The History of a Genetic Disease: Duchenne Muscular Dystrophy or Meryon's Disease (review)

This is an excellent account of both classic and recent advances in the pathogenesis of Duchenne muscular dystrophy. The subtitle of this book, “Duchenne Muscular Dystrophy or Meryon’s Disease,” is a very good indication that Meryon had an essential role to play in the elucidation of the pathology and genetic predisposition of this disease. In Meryon’s work, first published in 1851, the entity that we recognize as Duchenne muscular dystrophy was first described on histopathological grounds, and the definite maternal genetic carrier state was put forward. Concurrent with Meryon’s efforts were those of a French neurologist, Duchenne de Boulogne, whose description in the 1860s was far more detailed. As pointed out by the authors, Duchenne had made many significant contributions to neurology—including the use of electricity in diagnosis, and the descriptions of progressive bulbar palsy and partial brachial plexus palsy—and had provided one of the earliest detailed accounts of tabes dorsalis. With this as a background, it seemed reasonable at the time to give the eponym of Duchenne muscular dystrophy to this disorder.

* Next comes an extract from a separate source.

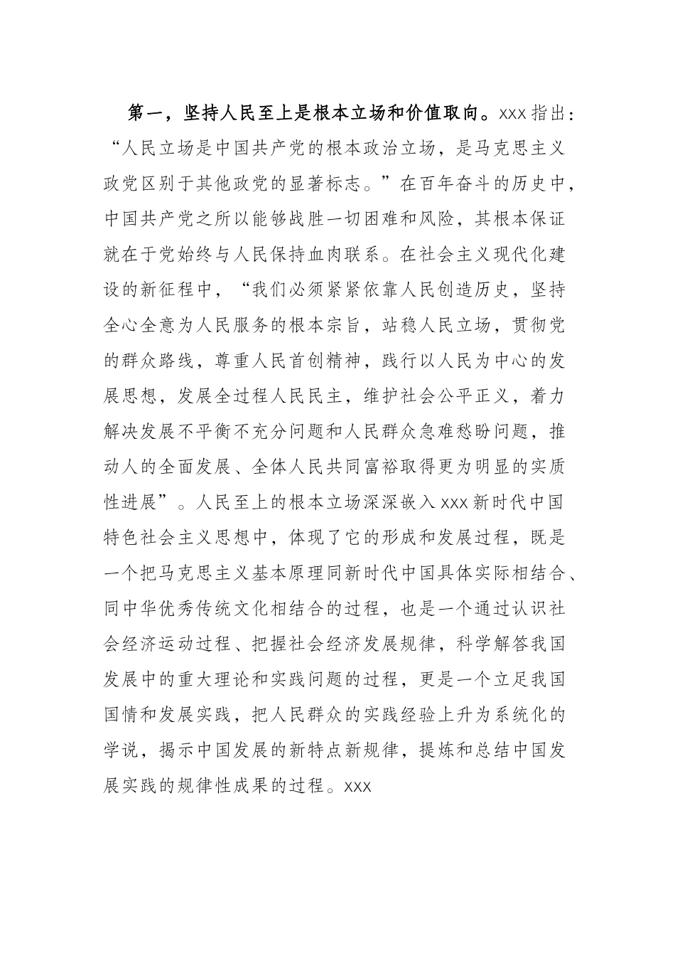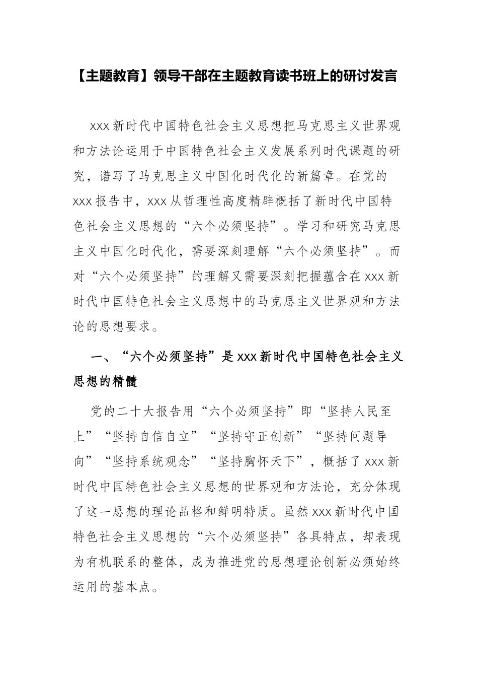【主题教育】领导干部在主题教育读书班上的研讨发言xxx新时代中国特色社会主义思想把马克思主义世界观和方法论运用于中国特色社会主义发展系列时代课题的研究,谱写了马克思主义中国化时代化的新篇章。在党的xxx报告中,xxx从哲理性高度精辟概括了新时代中国特色社会主义思想的“六个必须坚持”。学习和研究马克思主义中国化时代化,需要深刻理解“六个必须坚持”。而对“六个必须坚持”的理解又需要深刻把握蕴含在xxx新时代中国特色社会主义思想中的马克思主义世界观和方法论的思想要求。一、“六个必须坚持”是xxx新时代中国特色社会主义思想的精髓党的二十大报告用“六个必须坚持”即“坚持人民至上”“坚持自信自立”“坚持守正创新”“坚持问题导向”“坚持系统观念”“坚持胸怀天下”,概括了xxx新时代中国特色社会主义思想的世界观和方法论,充分体现了这一思想的理论品格和鲜明特质。虽然xxx新时代中国特色社会主义思想的“六个必须坚持”各具特点,却表现为有机联系的整体,成为推进党的思想理论创新必须始终运用的基本点。第一,坚持人民至上是根本立场和价值取向。xxx指出:“人民立场是中国共产党的根本政治立场,是马克思主义政党区别于其他政党的显著标志。”在百年奋斗的历史中,中国共产党之所以能够战胜一切困难和风险,其根本保证就在于党始终与人民保持血肉联系。在社会主义现代化建设的新征程中,“我们必须紧紧依靠人民创造历史,坚持全心全意为人民服务的根本宗旨,站稳人民立场,贯彻党的群众路线,尊重人民首创精神,践行以人民为中心的发展思想,发展全过程人民民主,维护社会公平正义,着力解决发展不平衡不充分问题和人民群众急难愁盼问题,推动人的全面发展、全体人民共同富裕取得更为明显的实质性进展”。人民至上的根本立场深深嵌入xxx新时代中国特色社会主义思想中,体现了它的形成和发展过程,既是一个把马克思主义基本原理同新时代中国具体实际相结合、同中华优秀传统文化相结合的过程,也是一个通过认识社会经济运动过程、把握社会经济发展规律,科学解答我国发展中的重大理论和实践问题的过程,更是一个立足我国国情和发展实践,把人民群众的实践经验上升为系统化的学说,揭示中国发展的新特点新规律,提炼和总结中国发展实践的规律性成果的过程。xxx新时代中国特色社会主义思想“站稳人民立场、把握人民愿望、尊重人民创造、集中人民智慧”,成为“人民所喜爱、所认同、所拥有的理论”,也“成为指导人民认识世界和改造世界的强大思想武器”。第二,坚持自信自立是内在气质和精神品格。xxx指出:“当今世界,要说哪个政党、哪个国家、哪个民族能够自信的话,那中国共产党、中华人民共和国、中华民族是最有理由自信的。”自信自立融入中华民族精神之中,是中华民族之魂。同样,自信自立融入中国特色社会主义之中,是坚持和发展中国特色社会主义的重要精神支柱。以坚持和发展中国特色社会主义等系列时代课题为研究主题的xxx新时代中国特色社会主义思想,坚持对马克思主义的坚定信仰,从中国的基本国情出发,从新时代中国特色社会主义的实践出发,既虚心学习借鉴国外的有益经验,又勇于进行理论探索和创新,在科学解答重大时代课题中,提出了一系列原创性的治国理政新理念新思想新战略,形成了对中国特色社会主义的坚定信念。自信自立构成了xxx新时代中国特色社会主义思想的内在气质和创造精神。xxx强调:“党历来坚持独立自主开拓前进道路,坚持把国家和民族发展放在自己力量的基点上,坚持中国的事情必须由中国人民自己作主张、自己来处理。……只要我们坚持独立自主、自力更生,既虚心学习借鉴国外的有益经验,又坚定民族自尊心和自信心,不信邪、不怕压,就一定能够把中国发展进步的命运始终牢牢掌握在自己手中。”把国家和民族发展放在自己力量的基点上、把中国发展进步的命运牢牢掌握在自己手中,是xxx新时代中国特色社会主义思想体现“自信自立”精神品格的重要基点。第三,坚持守正创新是思想方法和内在要求。守正创新是坚持和发展马克思主义、开创21世纪马克思主义新境界的本质要求。“守正”就是守“马克思主义立场观点方法”之正,守...

The recognition of other muscular dystrophies and the resolution of the heterogeneity of these diseases is well characterized in the middle chapters of this book. A number of investigators are cited—specifically, Sir William Gowers (whose clinical description of the disease has not been improved upon since his publication on “pseudo-hypertrophic muscular paralysis” in Lancet in 1879), and Dejerine, Milhorat, Nattrass, and Morton, whose contributions to muscular dystrophy are outlined in a succinct, well-documented fashion. The references in this volume are provided in a chapter-by-chapter series at the end of the volume, and portraits of all those cited are provided in the text.

Following an outline of the biochemical diagnosis and carrier detection of this disorder featuring the use of Bayesian statistics, first introduced by Murphy in 1966, the Emerys then touch on the most recent events in this amazing story, culminating in the description by Louis Kunkel of the isolation of the Duchenne gene in 1985, with a complete description of the cloning of the Duchenne gene in 1987. The authors are very fair in detailing the contribution of another group headed by Ronald Worton in Toronto, whose paper was submitted only months after the submission of the Kunkel manuscript. By reverse genetics, the gene for dystrophin, its molecular weight, and its sequence of 3,685 amino acids were derived; as the Emerys state, it is unlikely to have ever been identified by more conventional biochemical techniques, since dystrophin comprises only 0.002 percent of muscle protein, and thus the complete story is a triumph for reverse genetics. Many of the recent advances have occurred because of the consuming interest of various laboratories, and because of an extraordinary generosity on the part of some of these laboratories to share their data prior to publication, including antibodies and molecular sequences.

This is an exciting book. It grips the reader from the very start and is a superb example of how a study in the history of one disease entity that includes discussion up to the present time can take the reader on a marvelous journey from the first recognition of that disease in the late eighteenth and early nineteenth centuries to the complete description of the gene and gene products responsible for this disorder in the last decade. This book is highly recommended to readers interested in the history of medicine, but especially to those interested in neurology, muscle disease, and the pathophysiology of genetic diseases.